Mar 12 2018
Integrated Diagnostics today announced the e-publication of full results of a large prospective clinical trial validating its Xpresys Lung 2® in the peer-reviewed medical journal CHEST.
Lung nodules are a diagnostic challenge with an estimated yearly incidence of 1.6 million in the United States. The majority of these patients have benign lung nodules, however, there are significant costs, morbidity and mortality associated with the invasive biopsies needed to determine which nodules are cancerous.
These avoidable procedures are most common in patients with nodules that are low to moderate risk for cancer.
“Integrated Diagnostics pioneered the liquid biopsy approach to lung nodules based on proteomic (protein) analyses of blood plasma samples from hundreds of patients with nodules,” stated CEO Dr. Albert Luderer.
“This research resulted in the discovery of several lung cancer-associated changes in a patient’s plasma proteome.” The original findings were published in Science Translational Medicine and the Journal of Thoracic Oncology, and collectively demonstrated that specific protein changes could be detected in early stage lung cancer and utilized to exclude cancer in patients with benign nodules.
The newly published clinical validation represents the performance of the second generation diagnostic test of Integrated Diagnostic’s original published work and is termed Xpresys Lung 2 (‘XL2’).
This new test combines five standard-of-care clinical factors such as patient age and nodule size in combination with the measurement of two proteins into a single risk assessment.
The validation study confirmed the high accuracy of XL2 in identifying benign nodules in patients with a pretest probability of malignancy of 50% and less.
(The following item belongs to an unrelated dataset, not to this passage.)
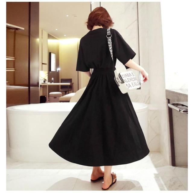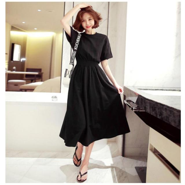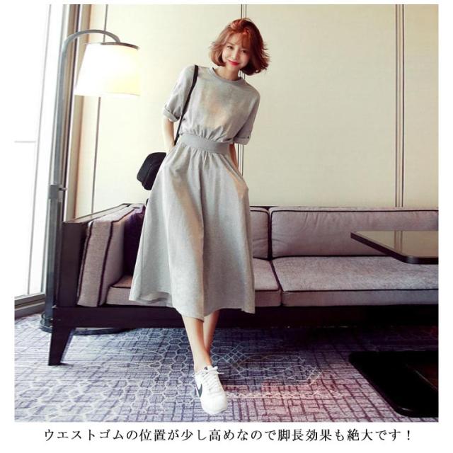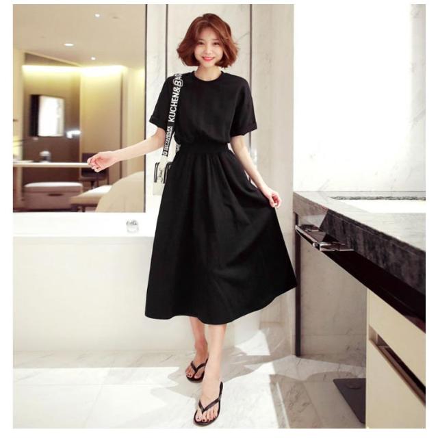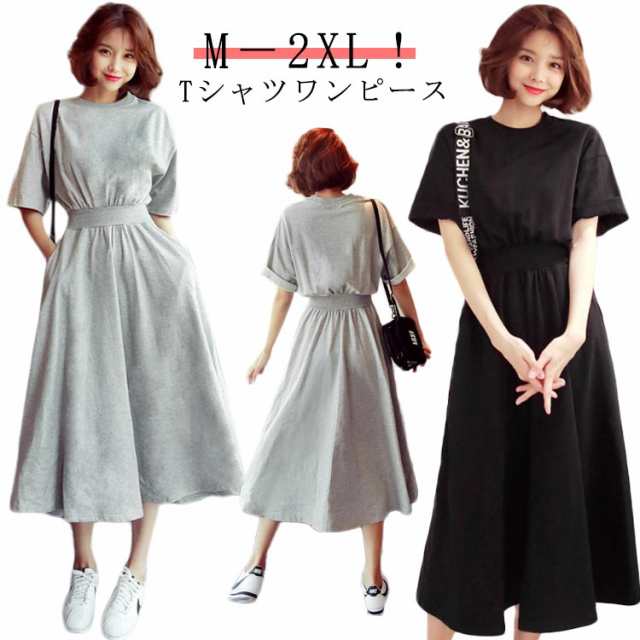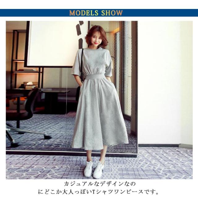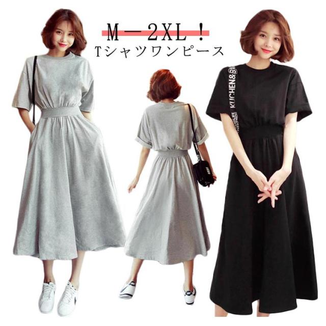 | M?2XL!カジュアルなデザインなのにどこか大人っぽいTシャツワンピースです。 様々なスタイルを楽しむことができ、着回し力抜群の1枚です。 ウエストゴムの位置が少し高めなので脚長効果も絶大です! | |

Co-authors Paul Kearney, PhD and Steven Springmeyer, MD commented that:
To establish a high level of evidence, we conducted two prospective studies, one for discovery and the other for validation that focused only on Stage 1A lung nodules. This is incredibly important as these are the lung nodules that are the hardest to assess. We integrated clinical risk factors and found that the proteomic signal was additive to the clinical risk factors. So in a real sense, XL2 is providing physicians with a molecular insight that they have never had before.
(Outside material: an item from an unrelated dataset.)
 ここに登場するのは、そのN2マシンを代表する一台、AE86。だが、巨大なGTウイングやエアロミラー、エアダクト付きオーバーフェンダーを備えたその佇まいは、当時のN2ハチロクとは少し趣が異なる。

“The outcomes of the PANOPTIC prospective, multi-center, observational trial are significant as they validate a new approach leveraging the proteome –– to accurately distinguish between benign and malignant nodules to rule out early stage lung cancer,” added senior author Dr. Peter Mazzone, Director of the Lung Cancer Program and Lung Cancer Screening Program for the Respiratory Institute.
“Through this large-scale research, we have shown that this may provide the needed objective assessment of lung nodules to better determine the best treatment path forward, which could reduce or avoid invasive biopsy or surgery procedures and create improved patient outcomes.”
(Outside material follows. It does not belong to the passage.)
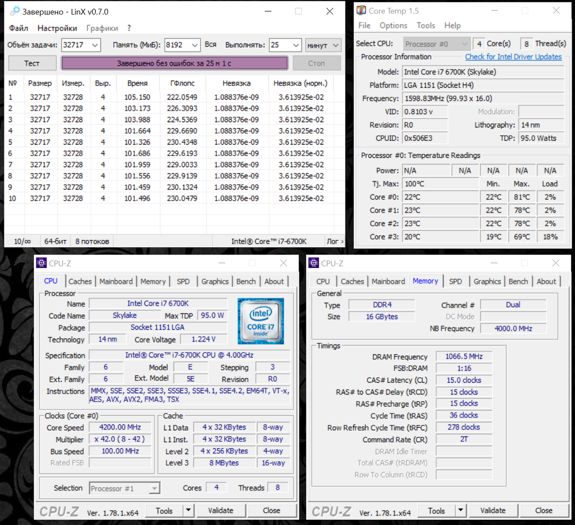 | Температура ядер, °C, LinX 0.7.0, 25 мин | ||||||
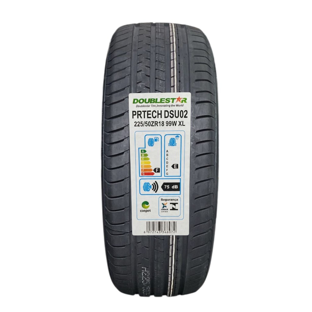 O pneu Doublestar PRTech 225/50R18 99W é a escolha ideal para quem busca segurança, desempenho e conforto. Com tecnologia avançada, ele oferece excelente aderência em piso seco e molhado, maior estabilidade em curvas e frenagem precisa. Seu índice de carga reforçado (99) garante maior resistência, sendo perfeito para SUVs compactos, sedãs médios e modelos premium que utilizam aro 18. Especificações Técnicas Medida: 225/50R18 Largura: 225 mm Perfil: 50% da largura Aro: 18 polegadas Índice de Carga: 99 (suporta até 775 kg por pneu) Índice de Velocidade: W (até 270 km/h) Modelo: Doublestar PRTech Construção: Radial Categoria: Passeio / SUV Desenho da banda: projetado para estabilidade, menor ruído e excelente tração em piso molhado Tecnologia: composição otimizada para maior durabilidade e desgaste uniforme Compatibilidade com Veículos A medida 225/50R18 é usada em diversos modelos no Brasil, incluindo: BMW X1 BMW Série 3 (versões com aro 18) Audi A4 Audi A5 Mercedes-Benz Classe C Mercedes-Benz GLA Honda CR-V Honda HR-V Touring Toyota Camry Chevrolet Equinox Volvo S60 Hyundai Tucson / New Tucson Compatibilidade pode variar conforme versão. Sempre confira no manual do veículo. FAQ – Perguntas Frequentes • Esse pneu é silencioso? Sim, o desenho otimizado da banda PRTech reduz ruídos, proporcionando condução mais confortável. • É bom para estrada? Sim! Com índice W e estrutura reforçada, oferece excelente estabilidade e segurança em velocidades elevadas. • Funciona bem em chuva? Sim, possui canais que escoam água com eficiência, evitando aquaplanagem. • Serve em qualquer veículo aro 18? A medida deve ser compatível com a original ou equivalente do veículo. Consulte o manual. • Esse pneu é reforçado? Sim, o índice de carga 99 indica maior resistência, ideal para SUVs compactos e sedãs mais pesados. • A dirigibilidade melhora? Sim, o perfil 50 combinado com a largura 225 garante excelente estabilidade, resposta rápida e conforto.

State-of-art instrumentation used multiple reaction monitoring mass spectrometry to measure the relative abundance of two plasma proteins, LG3BP and C163A. These proteins were integrated into a ratio that is associated with the malignant condition - LG3BP is elevated and C163A is diminished.
The low to moderate risk subgroup of 178 patients with a clinician assessed pCA≤50% had a 16% prevalence of lung cancer. XL2 demonstrated a sensitivity of 97% (CI 82%-100%), a specificity of 44% (CI 36%-52%) and a negative predictive value (NPV) of 98% (CI 92%-100%) in distinguishing benign from malignant nodules.
When XL2 performance was contrasted to other standard-of-care diagnostic modalities performed on these patients, the classifier performed better than all other modalities including positron emission tomography (PET), validated lung nodule risk models and physician estimated cancer probability (p<0.001).
If the integrated classifier results were used to direct care, 40% fewer procedures would be performed on benign nodules while only 3% of malignant nodules would be misclassified. This low XL2 error rate contrasts dramatically to the trial’s observed standard of care misclassification of cancers (45%).